Deletion of Mnt rescues proliferation arrest caused by loss of c-Myc. (a) PCR genotyping of MEFs of the indicated genotypes after infection with empty (E) adenovirus or Cre (C) recombinase-expressing adenovirus. Note the PCR primers used to detect deleted Mnt alleles do not discriminate from wild-type and recombined Mnt alleles. (b) Western blot examining Mnt and c-Myc expression after AdCre infection of the indicated genotypes. (c and d) MEF proliferation curves after deletion of Mnt, c-Myc, and Mnt plus c-Myc in primary MEFs (c) and immortal MEFs (d).
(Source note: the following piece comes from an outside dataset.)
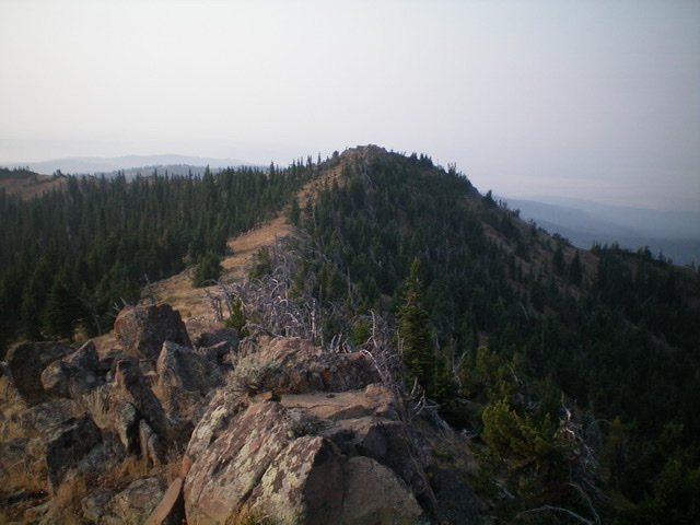 Leave the road and bushwhack east up through a somewhat thick pine forest to reach open grass/scrub pretty quickly. Angle right-ish/southeast to remain in open terrain and stay to the right/south of the pine forest higher up. The west ridge now has definition and is easy to follow. As the USGS topo map shows, the ridge crest and its south side are in open terrain as compared to the forested north side of the ridge crest. The ridge crest has a few minor rocky outcrops but nothing to be concerned about.

Values shown in c and d are the average of cell counts obtained from triplicate plates and are representative of results obtained from two independent experiments. (e) Cell cycle profiles generated from FAC sorting of propidium iodide stained cells 48 h after AdCre infection of the indicated cell lines. % of cells in S-phase (S) is shown. Arrows highlight sub G1 (growth phase 1) fractions consistent with apoptosis.

Figure 6.

Effect of acute Mnt, c-Myc, and Mnt plus c-Myc deletion on the expression levels of proteins involved in the regulation of cell proliferation. Cell extracts were obtained from primary MEFs after AdCre-mediated deletion of Mnt, c-Myc, or both Mnt and c-Myc as shown in Fig. 5 (a and b). Western blots were performed with antibodies against the indicated proteins.

Figure 7.

Analysis of cell cycle (S-phase) entry after acute deletion of Mnt and Mnt plus c-Myc. (a) Tritiated thymidine incorporation (counts/minute) were determined at the indicated times after serum stimulation of immortal MEFs made quiescent by confluence arrest and serum deprivation. (b) Quantitative real-time RT-PCR analysis of Cyclin D2, E2F2, ODC, and Cyclin E1 gene expression after serum stimulation. Both tritiated thymidine and RT-PCR experiments were performed in triplicate and SDs are shown.